Sounds a lot like Uroctonus mordax though I believe there are one or two other possible species.

John
];')


----------



## Straxus

Hello, I am a newbie to the forum...
I also am in search of the name of the species of an Oregon scorpion. I just got four of them. I tried taking a picture with my digital camera but due to lack of quality of camera I cannot get a picture of any decent quality at the moment. 
All four of them are a light tan in color but the segments are a bit darker.
They were captured near Christmas Valley, Oregon (south central oregon).
The area is sagebrush high desert region.

From some information I have found I am guessing it might be a Paruroctonnus boreus, but there are others in the Boreus subgroup that they look similar to. Any suggestions on how to more accurately match them?
I will try to find a way to get non-fuzzy picture of them soon.

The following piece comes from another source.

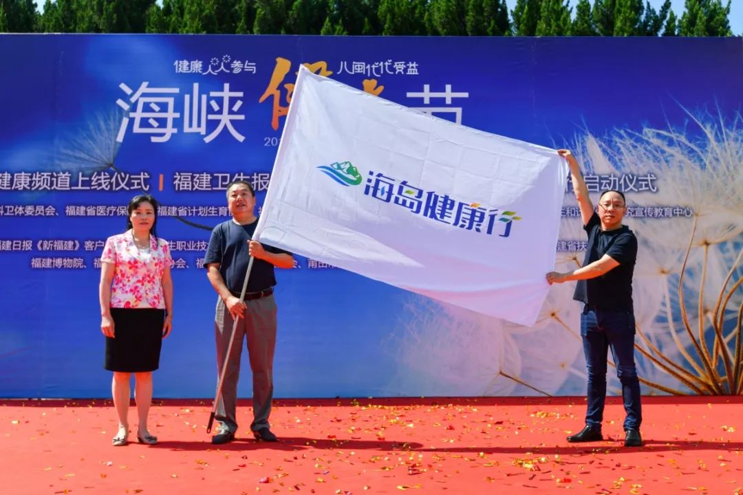(莆田秀嶼區(qū)衛(wèi)健局副局長(zhǎng)陳國(guó)富(中)接過(guò)福建省計(jì)劃生育協(xié)會(huì)項(xiàng)目工作部張晨霞部長(zhǎng)(左一)與每周文摘報(bào)社總編輯、福建衛(wèi)生報(bào)總編輯陳冬青(右一)手中的旗幟,“海島健康行”公益品牌系列活動(dòng)正式啟動(dòng) )

I have had a member of the same species (or one very identical) from same area as a pet at one time. It lived for a year in captivity.

I also was wondering if anyone knew of any species of scorpion that might possibly exist west of the cascades in oregon, specificly in the areas surrounding Portland. I know of a seudo scorpion species that exists there, but would love to know if there are actual scorpions that hide in that area.


----------



## drapion

I know that there is 4 spieces of scorp in Oregon.I live in southern Oregon and we have U.mordax here.there dark brown to black


----------



## TheNothing

only scorpion that can be found on the west side of the Cascades is U. mordax (as everyone else has mentioned).  There have been very occational U. mordax findings in the Mt. Hood National Forest and in the Columbia River Gorge.  They are very few and far between though.  There have also been reports coming from Troutdale and Sandy... About as close to Portland as you can get and find scorps

There are several other species that can be found sporaticly across the eastern side of the state though:
- Anuroctonus phaiodactylus 
- Hadrurus spadix (Snake River area)
- Paruroctonus boreus 
- Vaejovis confusus (unconfirmed)
- Vaejovis hirsuticauda (unconfirmed)


----------



## Straxus

Very cool! Thanks for the help guys!
That last list will drasticly help me narrow down the species I have.
If they are Paruroctonus boreus, does anyone know the danger level of the toxin involved (no worries, I go with the philosophy of the best way to handle your scorpion is NOT to handle your scorpion) Its mainly for safety reasons and so I can keep record (should they be that species)


----------



## cacoseraph

Straxus said:
			
		

> Very cool! Thanks for the help guys!
> That last list will drasticly help me narrow down the species I have.
> If they are Paruroctonus boreus, does anyone know the danger level of the toxin involved (no worries, I go with the philosophy of the best way to handle your scorpion is NOT to handle your scorpion) Its mainly for safety reasons and so I can keep record (should they be that species)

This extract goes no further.